Instructions to follow: Restate word for word the lines in the listing below, starting at the line containing "从基金规模来看,鹏华弘泽混合" and ending at the line containing "ECN 211 ASU", both included; leave out the rest.

Data listing:
▼▼▼

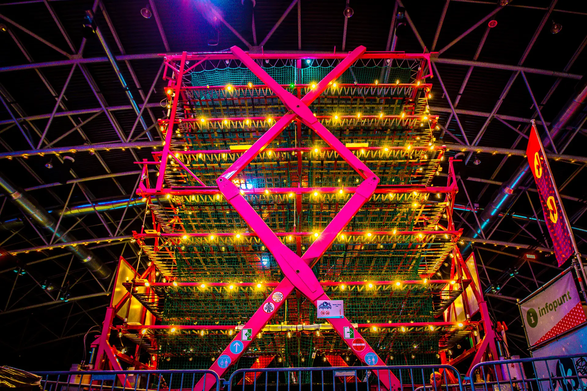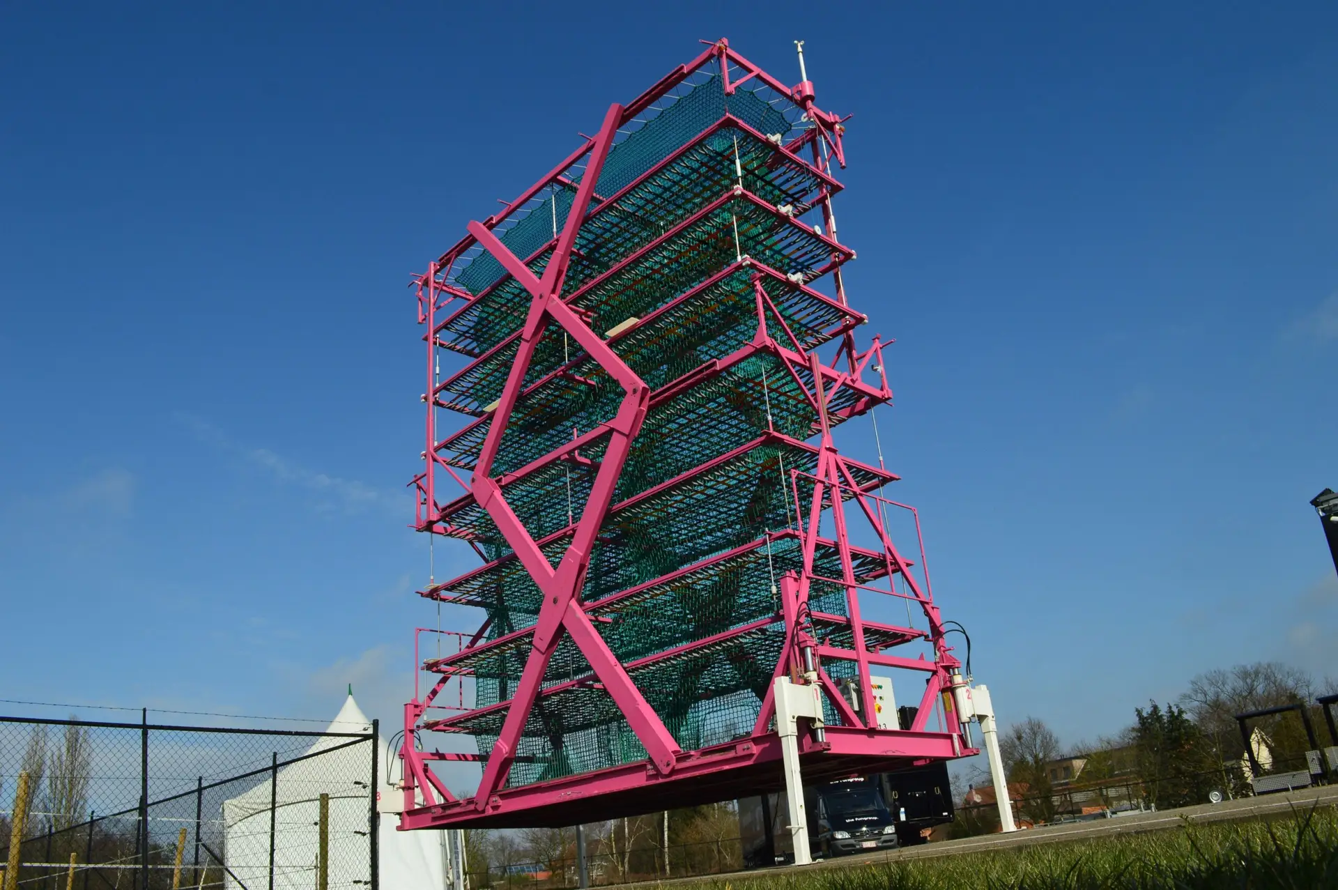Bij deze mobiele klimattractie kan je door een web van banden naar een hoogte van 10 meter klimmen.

▲▲▲
▼▼▼

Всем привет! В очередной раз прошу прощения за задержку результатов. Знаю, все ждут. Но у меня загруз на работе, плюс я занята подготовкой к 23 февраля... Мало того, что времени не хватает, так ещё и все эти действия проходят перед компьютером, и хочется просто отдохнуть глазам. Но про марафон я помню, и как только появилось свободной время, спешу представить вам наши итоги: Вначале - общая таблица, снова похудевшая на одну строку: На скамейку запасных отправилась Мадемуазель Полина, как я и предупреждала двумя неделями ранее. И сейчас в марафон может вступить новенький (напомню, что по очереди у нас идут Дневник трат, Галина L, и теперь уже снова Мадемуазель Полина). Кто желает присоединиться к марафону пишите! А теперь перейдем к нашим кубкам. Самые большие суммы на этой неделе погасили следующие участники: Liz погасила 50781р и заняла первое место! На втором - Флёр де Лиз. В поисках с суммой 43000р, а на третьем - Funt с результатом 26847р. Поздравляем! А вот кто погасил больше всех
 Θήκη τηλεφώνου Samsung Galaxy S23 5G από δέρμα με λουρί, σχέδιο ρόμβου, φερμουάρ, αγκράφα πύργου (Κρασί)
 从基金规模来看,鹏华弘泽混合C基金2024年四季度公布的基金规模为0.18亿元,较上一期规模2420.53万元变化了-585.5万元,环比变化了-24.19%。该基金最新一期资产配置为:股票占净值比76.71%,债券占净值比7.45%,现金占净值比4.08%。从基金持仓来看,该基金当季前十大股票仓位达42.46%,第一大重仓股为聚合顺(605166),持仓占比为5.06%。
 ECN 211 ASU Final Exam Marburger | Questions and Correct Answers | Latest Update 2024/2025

▲▲▲
▼▼▼

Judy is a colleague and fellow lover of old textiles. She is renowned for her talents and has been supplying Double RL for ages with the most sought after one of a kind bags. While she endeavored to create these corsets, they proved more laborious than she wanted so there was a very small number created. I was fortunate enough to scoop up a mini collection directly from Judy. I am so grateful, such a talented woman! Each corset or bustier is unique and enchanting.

▲▲▲

Output for this task:
 从基金规模来看,鹏华弘泽混合C基金2024年四季度公布的基金规模为0.18亿元,较上一期规模2420.53万元变化了-585.5万元,环比变化了-24.19%。该基金最新一期资产配置为:股票占净值比76.71%,债券占净值比7.45%,现金占净值比4.08%。从基金持仓来看,该基金当季前十大股票仓位达42.46%,第一大重仓股为聚合顺(605166),持仓占比为5.06%。
 ECN 211 ASU Final Exam Marburger | Questions and Correct Answers | Latest Update 2024/2025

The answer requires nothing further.